One of the people witnessing the extraordinary event was Officer Patrick Murphy of the Chillicothe Police Department, who was out patrolling in his squad car when he spotted the bright fireball shooting past a set of traffic light. The incident was captured on his dashcam, and after heading to the northeast part of town where it appeared to have fallen, Murphy said that there were no signs of any flames.

“It definitely caught me off guard a little bit. Obviously, I was not expecting to see that. I figured it was probably a meteor because I don’t know what else it could possibly be,” explained Officer Murphy.

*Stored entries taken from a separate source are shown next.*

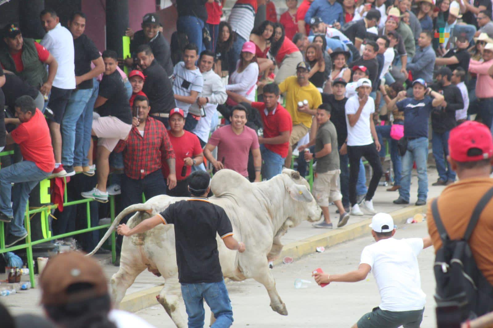 Chacaltianguis, Ver.- Ni la lluvia detuvo la suelta de toros en Chacaltianguis, en las fiestas patronales del Santo Padre Jesús, aunque los presentes llevaron o compraron paraguas, y a los jóvenes no les importó mojarse, y hasta se volvió parte de la diversión.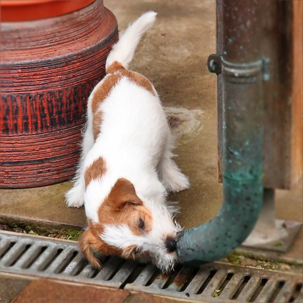 ... hat keinen Wassernapf und muss aus der Regenrinne trinken!
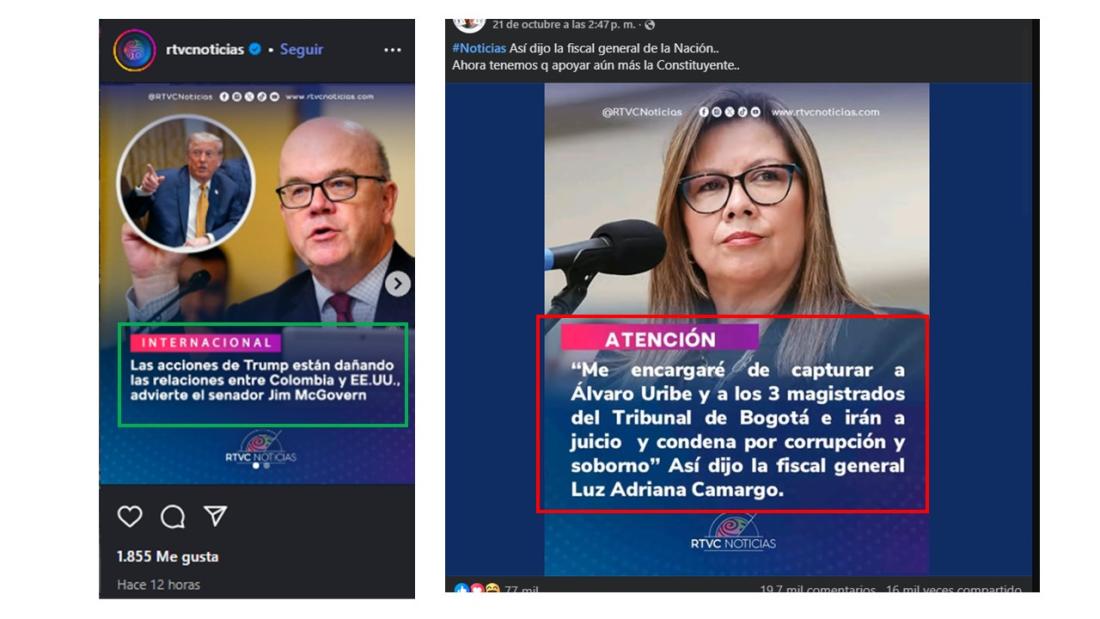 Personas inescrupulosas están copiando nuestras imágenes de RTVC Noticias y Radio Nacional para difundir información falsa en grupos de Facebook.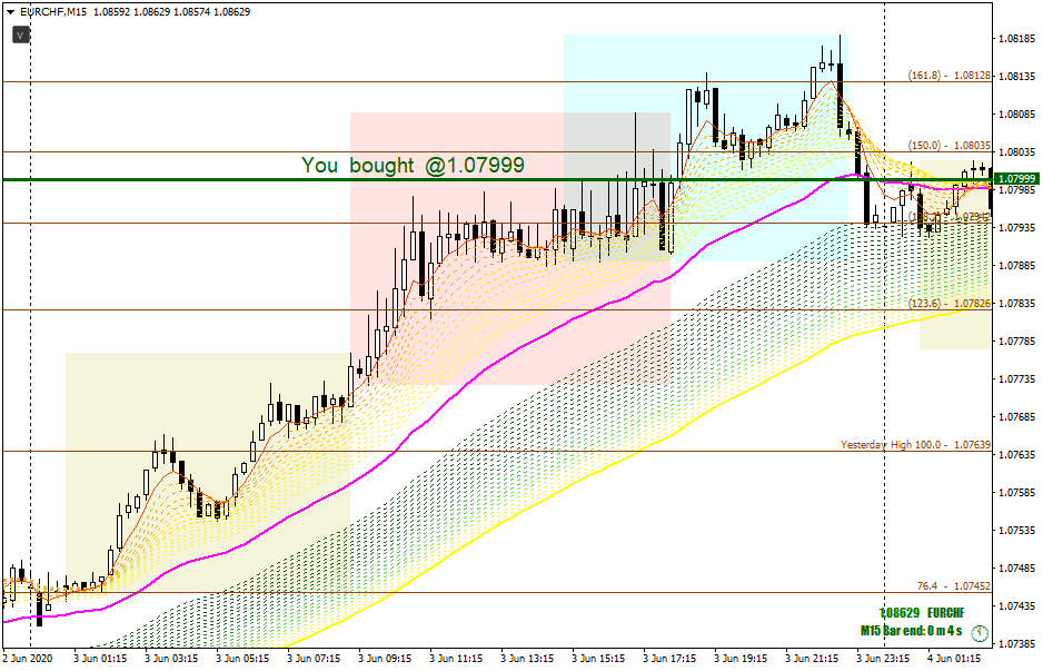 You bought @ 1.07999 which is near Fibo 150%. You should exit @ Fibo 161.8%

Given its subsequent explosion,  the AMS said that the fireball was most likely a bolide, which is a brighter-than-usual meteor of between 1 and 100 meters in length that usually enter Earth’s atmosphere with enough force to explode. In 2013, for instance, a 20-meter superbolide exploded over the city of Chelyabinsk in Russia, with its large shock wave damaging 7,200 buildings and resulting in injures to around 1,500 people. Also in Russia, the Tunguska event of 1908 is thought to have been caused by a superbolide somewhere between 60 and 190 metres long, which was so powerful that it demolished 80 million trees over a 2,150 square kilometres area.

Fortunately, the fireball seen traveling southwest to northeast across several American Midwestern states was less than the size of a car, or less than 5 meters in length. It was also about 10 miles overhead when it eventually is believed to have exploded over Lake Michigan, with the meteors fragments subsequently scattering over the waters of the Great Lake. Commenting on the incident, Mike Hankey, operations manager for the AMS, said that it was most likely a block of icy rock that had been flung into our atmosphere, adding:

“It was a really big bolide, a fragment from an asteroid. It showed up on Doppler weather radar over Lake Michigan. Very big return, sad we can’t go meteorite hunting.”